Ülkemiz geçen Pazar günü bir seçim yaşadı, il, ilçe ve mevcut belediyeler büyük sınav verdiler. Elbette kazanımlar var ancak kaybedilen yerlerde mevcut, bu yerlerde bulunan yöneticiler kendilerini hesaba çekmeli ve önümüzde tekrar edecek olan ikinci tur Cumhurbaşkanlığı seçimine eksikleri gidererek daha planlı hazırlanması görevleri gereği şart.
Sahadan edindiğimiz, aldığımız bilgiler gerek sandık başlarında, gerekse onların iaşelerinde büyük sıkıntıların yaşadığı yönünde. Başarı tek başına değildir, kollektif çalışılırsa o vakit kolaylaşır ve lidere olan sadakat ispat edilmiş olur. En ücra köşeden, merkezi yerlere gidilmeli neden, niçinler donanımlı, bilgiye haiz kimseler tarafından tespitler edilmeli.
O bölgelerde vazife ehli olanlara çalışmalarında her türlü desteği temin etmeli, edemeyenlerin o makamları işgal etmeleri millete zuldür, lidere ve davaya ihanettir. Siyasi varlığını bir fikrin ve davanın özünden alıp beslenenler üzerlerine düşen sorumlulukları layıkı ile yapmalı. Belediye sandık görevlilerinin iaşesi için vazife üstlenmiş, ihale yapmış, ancak taleplere karşılık verememiştir.
Sandıklar siyasi partilerin namusudur, oradaki görevliler bekçisidir ve onlara hizmet teşkilatların kontrolünde hizmeti üstlenen firmalar veya kimseler aldıkları görevi ifaya mecburdurlar, şayet yetersiz kalınıyorsa o zaman planlamada alternatiflerin olmalıdır. İhaleyi alan firma anlaşmadaki yükümlülüklerini yerine getirememiş, zamanında sahaya inilmemiş, haberdar olan ocak yetkilileri duruma acil müdahale etmişlerdir. Bu hadise enine boyuna irdelenmeli ve zafiyetin nereden kaynaklandığı tespit edilerek 28 Mayıs’ta yapılacak olan seçimde tekrarının yaşanmaması için tedbirlerin alınması tüzel kişilerin asli vazifesidir.
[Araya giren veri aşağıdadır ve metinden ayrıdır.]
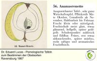 Beschreibung:Frucht mittelgroß, 60 bis 70 Millimeter hoch und breit, abgestumpft, hoch gebaut, kelchwärts etwas zugespitzt, stielwärts abgeplattet. Kelch offen, Blättchen grünlichbraun, stark wollig, zurückgeschlagen. Einsenkung flach, eng, von feinen Falten umgeben. Stiel mittellang, dünn, holzig, Höhle mäßig tief und weit, grün oder manchmal strahlig berostet. Schale ziemlich glatt, leuchtend gelb, später goldgelb, Rostpunkte zahlreich und sehr deutlich hervortretend, Roststernchen mit grünem Hof sind charakteristisch. Fleisch gelblichweiß, sehr saftig, abknackend, später mürbe, von sehr edlem, gewürztem, süßweinigem Geschmack. Geruch merklich hervortretend. Kernhaus groß, Kammern weit offen, glattwandig, mit vielen schönen, glänzendbraunen Samen gefüllt.

Bu konuda mazerete yer yok, ihmale hiç, o yönde gerekenler şimdiden yapılmalı.
Tekerrür etmesi ihanetin tescili, bunun da vebali büyük olur. Suistimale açık olan her alan kapatılmalı ehil kimseler tarafından doldurulmalıdır, aksi bu milletin geleceğine yapılacak suikasttir, ihanettir kimse bunun altından kalkamaz.
Yönetici konumuna haiz olan kimseler her daim vazife verilecekmiş gibi hazır vaziyette olmalı ki müdahalelerde geç kalınmasın, nihayetinde bu milletin meselesidir. Seçim sonrası nasıl olsa çantada keklik rehaveti hiç umulmadık bir anda dengeleri değiştirebilir, bizler yazılarımızla, seçmen sandığa giderek sahip çıkmak zorundadır.
Seçim sonrası yaşanan olumsuz hadiseler sonucun hazımsızlık yarattığı ayen beyan gündeme düşen haberler daha sonra yaşanacakların habercisi. Kendi düşünce tarzına uymayan depremzedelere yaşatılan ve isnat edilen demeçler çok can sıkıcı ve incitici, hangi siyasi görüşte, fikirde ve düşüncede olursa olsun tamamı bizim insanımızdır, birini diğerine tercih yapamayız, bu insanlık dışı davranıştır ve insan olmaktan çıkışın alametidir. Bulundukları makamları siyasi olarak yürüten ve kendinden olmayanı elinin tersi ile iten bir zihniyetin Türk milletinin bir parçası olması mümkün değildir, zira atalarımız ‘’ insanı yaşat ki devlet yaşasın’’ sözünü düstur edinmiş mağdurları baş tacı yapmıştır.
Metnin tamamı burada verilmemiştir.